▸ Task statement: There are pictures in the records below; leave them out and set down exactly the lines from the one holding "phổ biến trên" through the one holding "Dark Grey Fish Skeleton Cardigan (S)".

▸ Entries shown:
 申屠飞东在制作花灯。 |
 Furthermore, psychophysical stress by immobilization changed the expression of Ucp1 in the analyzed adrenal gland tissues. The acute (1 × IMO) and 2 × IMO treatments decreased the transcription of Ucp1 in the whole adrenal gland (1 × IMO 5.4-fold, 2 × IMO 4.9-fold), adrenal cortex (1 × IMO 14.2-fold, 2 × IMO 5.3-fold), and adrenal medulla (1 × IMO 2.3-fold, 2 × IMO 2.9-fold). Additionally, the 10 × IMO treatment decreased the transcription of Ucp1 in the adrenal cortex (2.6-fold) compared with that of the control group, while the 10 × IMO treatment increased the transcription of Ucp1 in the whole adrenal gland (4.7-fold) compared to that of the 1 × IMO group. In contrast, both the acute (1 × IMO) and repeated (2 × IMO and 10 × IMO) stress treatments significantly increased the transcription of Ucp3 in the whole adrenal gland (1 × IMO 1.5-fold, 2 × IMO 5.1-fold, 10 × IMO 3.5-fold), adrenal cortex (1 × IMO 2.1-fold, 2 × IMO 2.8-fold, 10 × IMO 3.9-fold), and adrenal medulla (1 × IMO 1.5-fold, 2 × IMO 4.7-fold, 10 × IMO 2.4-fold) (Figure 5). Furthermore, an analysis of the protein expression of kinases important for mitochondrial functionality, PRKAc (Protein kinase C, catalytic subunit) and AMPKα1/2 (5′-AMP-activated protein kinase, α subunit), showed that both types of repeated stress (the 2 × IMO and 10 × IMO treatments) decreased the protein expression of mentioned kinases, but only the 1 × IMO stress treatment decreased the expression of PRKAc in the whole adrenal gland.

==

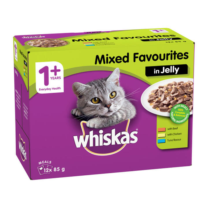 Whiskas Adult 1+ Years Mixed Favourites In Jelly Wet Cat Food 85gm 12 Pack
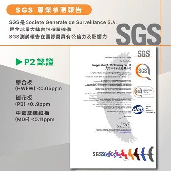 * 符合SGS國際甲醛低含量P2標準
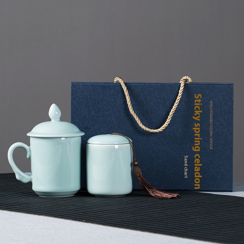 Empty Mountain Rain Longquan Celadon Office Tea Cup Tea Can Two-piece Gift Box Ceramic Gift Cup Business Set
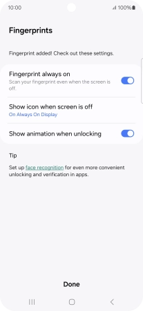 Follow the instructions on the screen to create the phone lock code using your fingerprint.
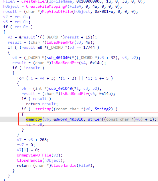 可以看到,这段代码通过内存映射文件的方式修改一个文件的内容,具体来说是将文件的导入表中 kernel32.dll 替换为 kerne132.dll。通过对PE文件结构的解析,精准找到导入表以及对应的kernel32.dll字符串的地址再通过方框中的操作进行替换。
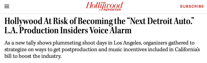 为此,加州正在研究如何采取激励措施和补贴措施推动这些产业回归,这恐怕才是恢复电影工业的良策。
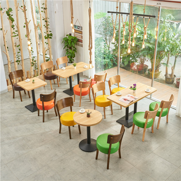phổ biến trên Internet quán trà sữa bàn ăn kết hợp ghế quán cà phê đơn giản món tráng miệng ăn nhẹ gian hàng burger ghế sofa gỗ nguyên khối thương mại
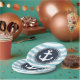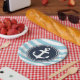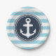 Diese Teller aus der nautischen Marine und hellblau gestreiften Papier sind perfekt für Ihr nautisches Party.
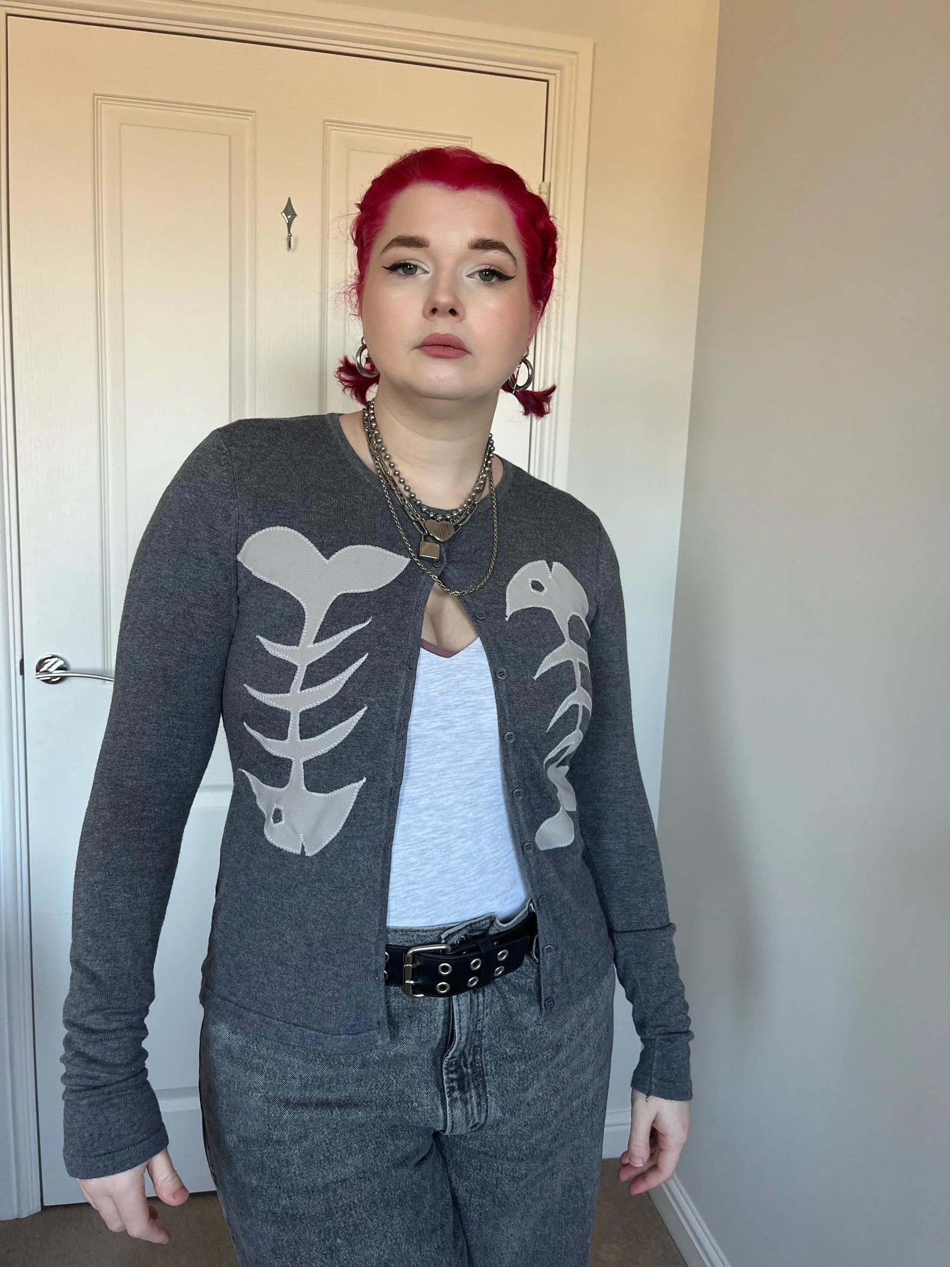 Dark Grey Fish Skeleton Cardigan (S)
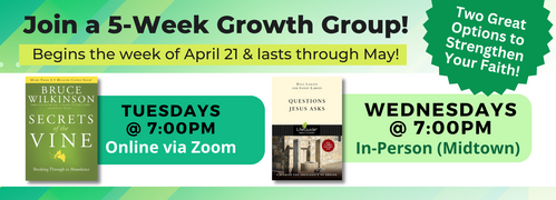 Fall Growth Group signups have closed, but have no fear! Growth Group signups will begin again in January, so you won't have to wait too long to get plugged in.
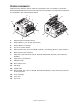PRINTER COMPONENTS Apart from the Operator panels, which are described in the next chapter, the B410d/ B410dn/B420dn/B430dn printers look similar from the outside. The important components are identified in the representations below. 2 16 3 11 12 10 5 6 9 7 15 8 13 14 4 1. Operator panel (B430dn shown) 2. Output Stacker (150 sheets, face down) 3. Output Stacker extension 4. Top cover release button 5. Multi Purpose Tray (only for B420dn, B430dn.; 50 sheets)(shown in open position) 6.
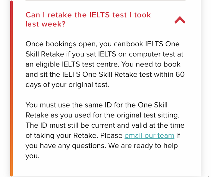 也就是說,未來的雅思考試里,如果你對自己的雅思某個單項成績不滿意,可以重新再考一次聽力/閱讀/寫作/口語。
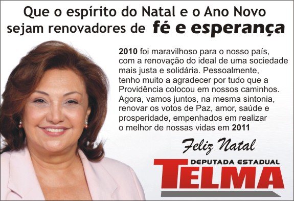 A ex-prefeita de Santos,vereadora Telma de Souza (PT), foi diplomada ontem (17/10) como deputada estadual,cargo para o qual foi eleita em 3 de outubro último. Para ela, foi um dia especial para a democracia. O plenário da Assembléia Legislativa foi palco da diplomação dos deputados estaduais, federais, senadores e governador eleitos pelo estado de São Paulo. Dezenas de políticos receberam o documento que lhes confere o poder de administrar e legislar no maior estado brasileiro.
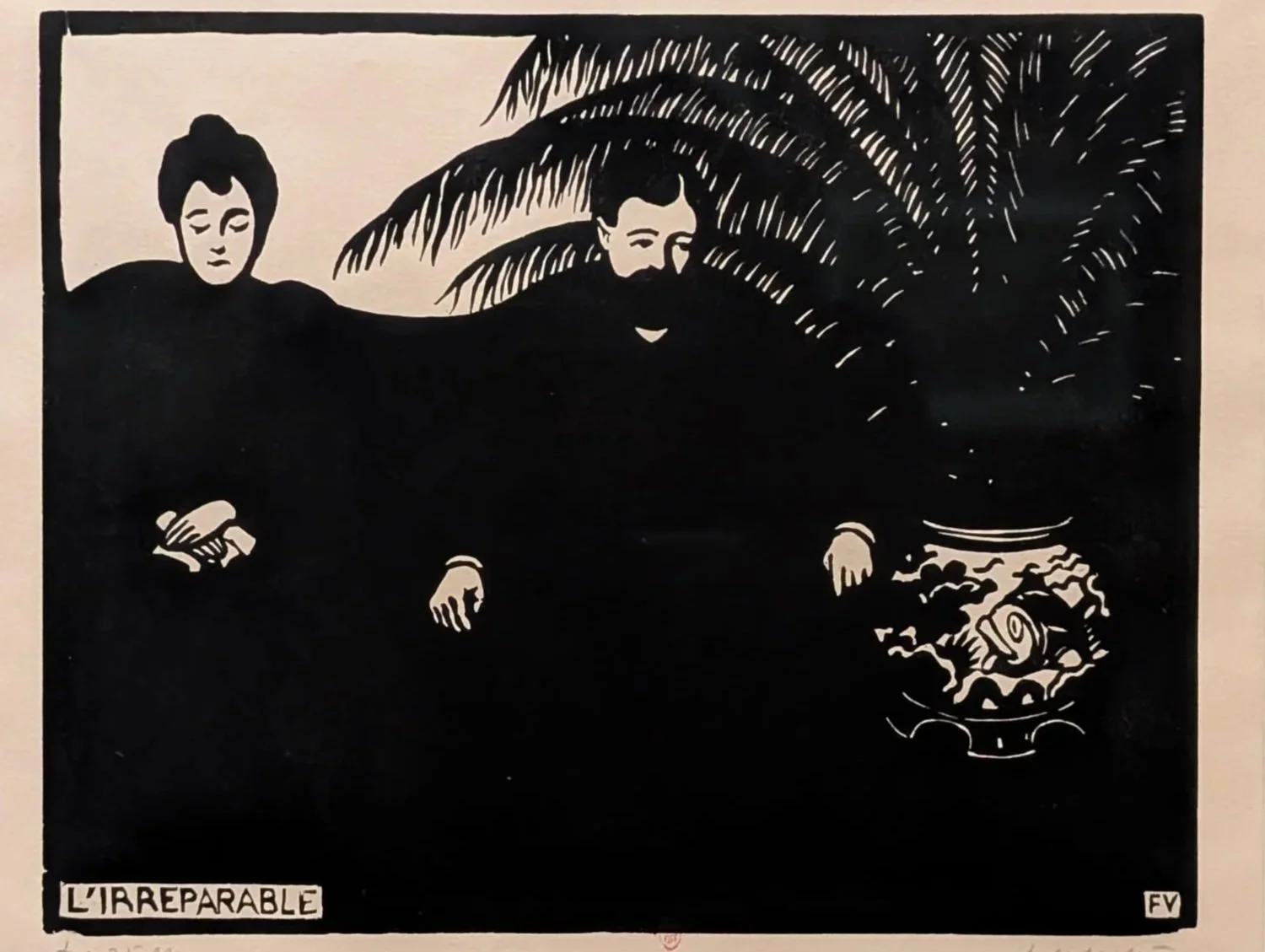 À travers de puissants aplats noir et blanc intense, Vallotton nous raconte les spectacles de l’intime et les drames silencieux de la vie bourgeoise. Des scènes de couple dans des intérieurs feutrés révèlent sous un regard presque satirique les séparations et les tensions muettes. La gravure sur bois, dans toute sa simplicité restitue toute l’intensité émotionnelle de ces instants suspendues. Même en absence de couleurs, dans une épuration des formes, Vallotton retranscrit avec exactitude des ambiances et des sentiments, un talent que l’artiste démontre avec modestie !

---

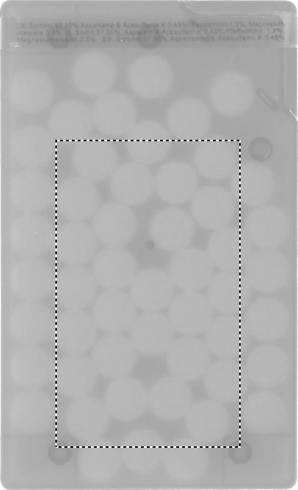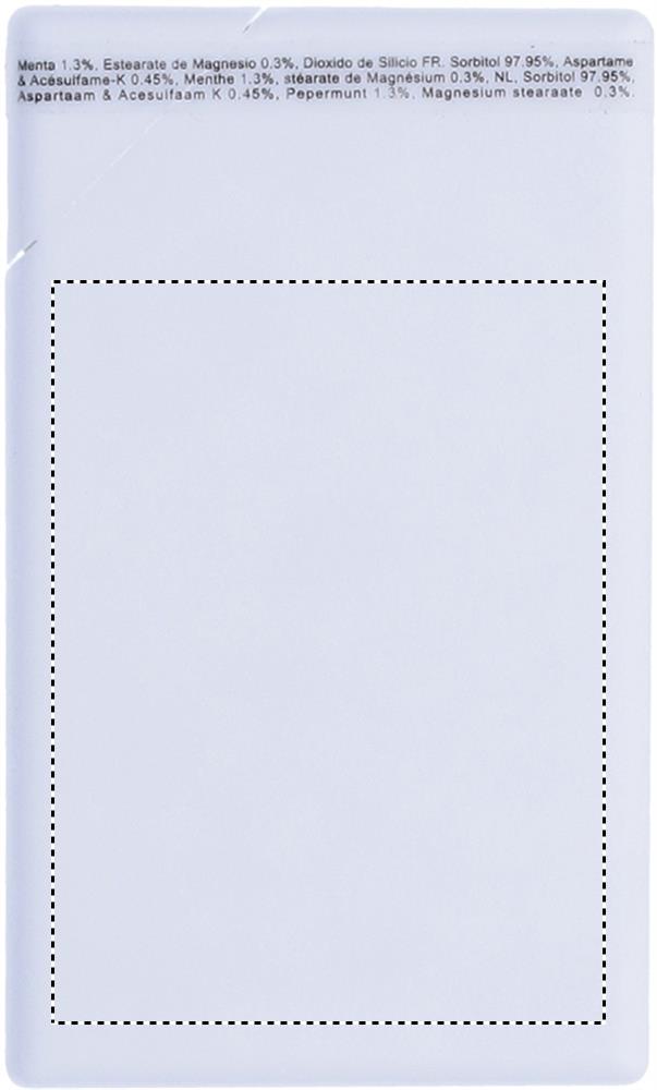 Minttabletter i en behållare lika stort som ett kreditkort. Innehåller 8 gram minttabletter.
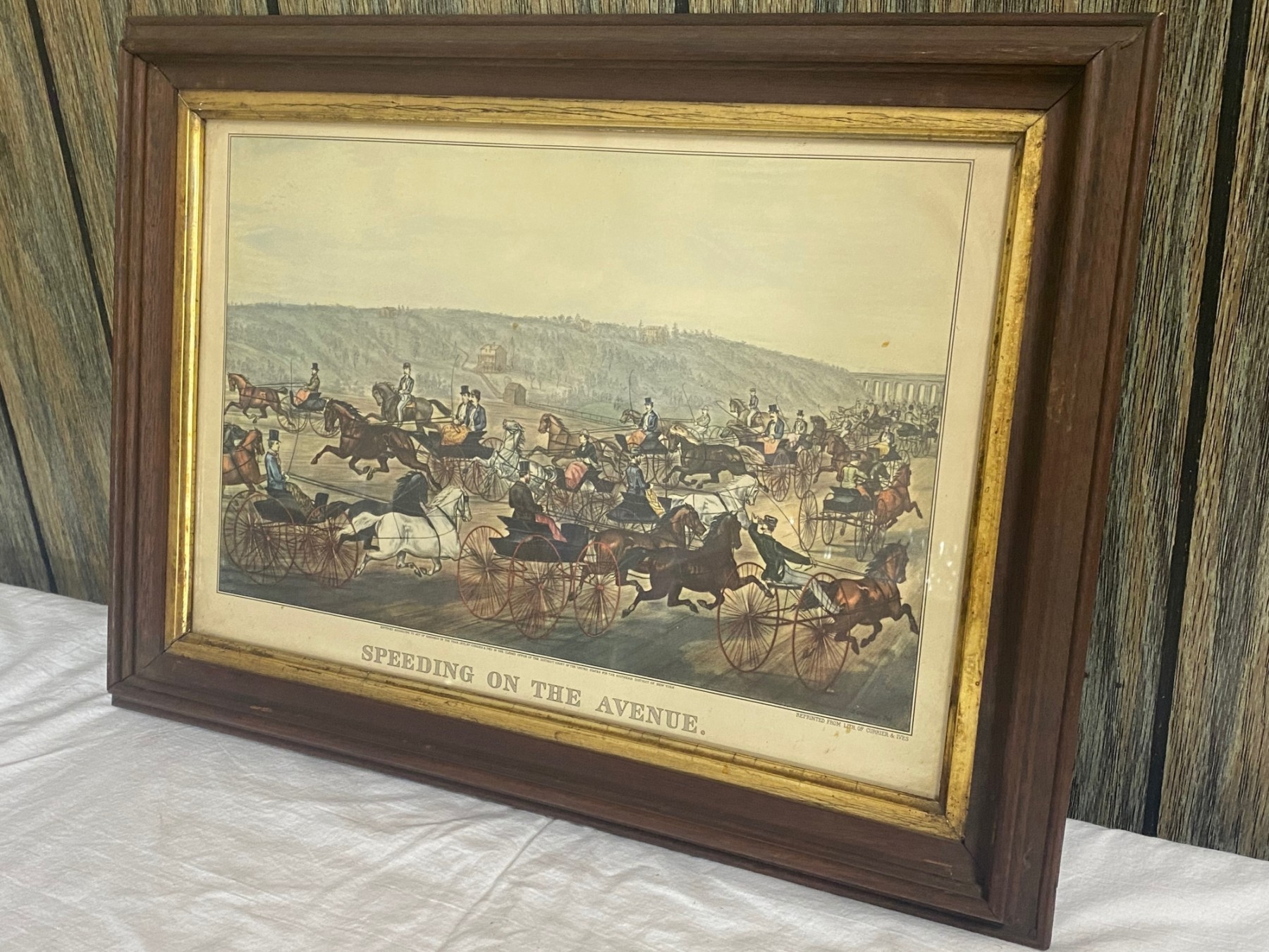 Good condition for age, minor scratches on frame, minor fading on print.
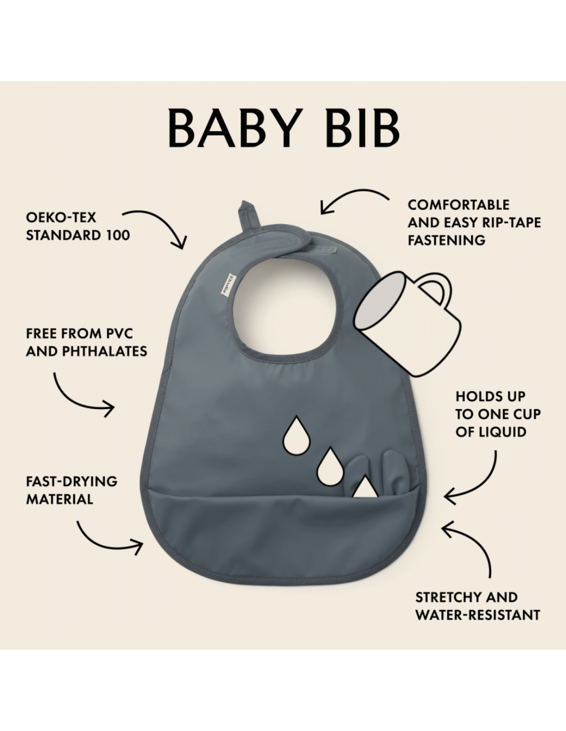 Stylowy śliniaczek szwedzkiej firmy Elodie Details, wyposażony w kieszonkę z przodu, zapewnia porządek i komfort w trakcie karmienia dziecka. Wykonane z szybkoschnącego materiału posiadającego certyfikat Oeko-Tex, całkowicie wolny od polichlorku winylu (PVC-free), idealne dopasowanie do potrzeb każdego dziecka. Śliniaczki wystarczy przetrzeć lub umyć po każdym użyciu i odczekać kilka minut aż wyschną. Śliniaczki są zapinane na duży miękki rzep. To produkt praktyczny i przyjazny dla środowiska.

▸ Task solution:
phổ biến trên Internet quán trà sữa bàn ăn kết hợp ghế quán cà phê đơn giản món tráng miệng ăn nhẹ gian hàng burger ghế sofa gỗ nguyên khối thương mại
 Diese Teller aus der nautischen Marine und hellblau gestreiften Papier sind perfekt für Ihr nautisches Party.
 Dark Grey Fish Skeleton Cardigan (S)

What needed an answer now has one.